Urban Fabric - CODAworx

Urban Fabric

Client: City of Bloomington

Location: Bloomington, IN, United States

Completion date: 2021

Artwork budget: $385,000

Project Team

Artist

Adam Buente

Project One Studio

Fabricator

Ignition Arts

Fabricator

Project One Studio

Overview

Urban Fabric is derived from quilt blocks. Through design and limited variables, a few key moves transform very modest parts into a complex textural fabric. We drew a connection from this to the vibrancy and uniqueness of the city and its visitors. Local businesses and life-long residents interact with thousands of students from all over the globe in this diverse community. We were able to take formal cues from a quilt to describe the vibrant Urban Fabric of Bloomington in a very bold way. Thousands of colorful parts come together to transform a typically underutilized parking garage facade into a representation of the city. Colors fade in and out as the project moves across the building facade, forming a painterly vision of a sunset. This was the primary way we were able to add depth and excitement to this project, and the ability to use a larger palette was an extremely cost-effective way to add texture to the fabric. We realized that complex shapes or physical depth have diminishing returns when it comes to an art piece of this scale, but we expanded the color palette with an immense gradient display of purples, blues, yellows, and magentas.
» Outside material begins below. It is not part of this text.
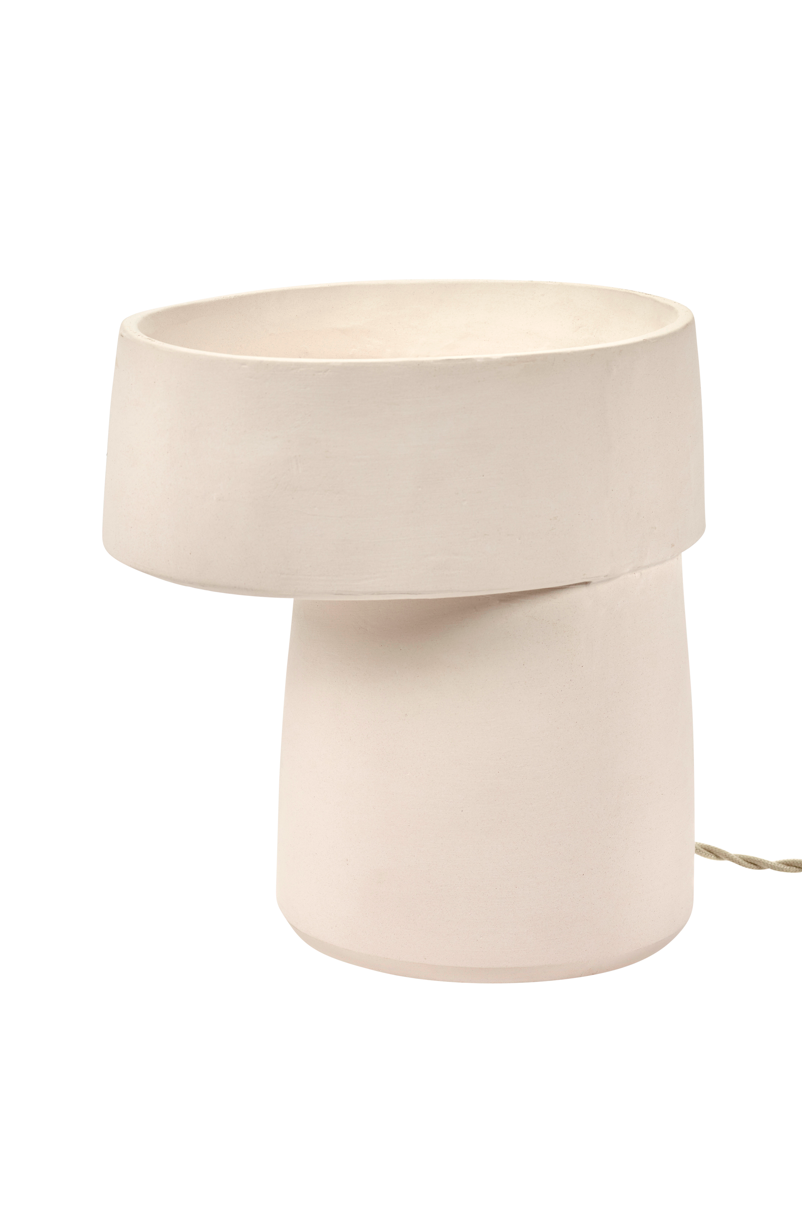 Med romé har keramikeren alex gabriels designet en lampe i keramik. romé er skabt på hendes drejeskive og består af to cylindre, der begge er koniske, og som efterfølgende er blevet sat sammen. Resultatet er et rent, elegant design med et par grove detaljer, som fremhæver lampens håndlavede karakter.

The components pop off of the dark-painted concrete background and become immaterial, focusing the viewer on the composition.

Goals

This project became an exploration in part of simplification and fabrication strategies to create an iconic and massive-scale project for the City of Bloomington. Integrating this project into the facade of a parking garage set multiple constraints for our design. Using the garage opening sizes, variable percent coverage, and stock material sizes, we created an integrated and efficient piece that compliments the garage it adorns.

Process

Using parts that nest into a stock sheet of aluminum with maximum efficiency, we were able to deliver this project amidst material market uncertainty due to the pandemic. Working closely with Ignition Arts, we developed a system of visual complexity made out of easily reproducible and cheap parts, resulting in an aesthetically pleasing, massive, and durable piece of public art.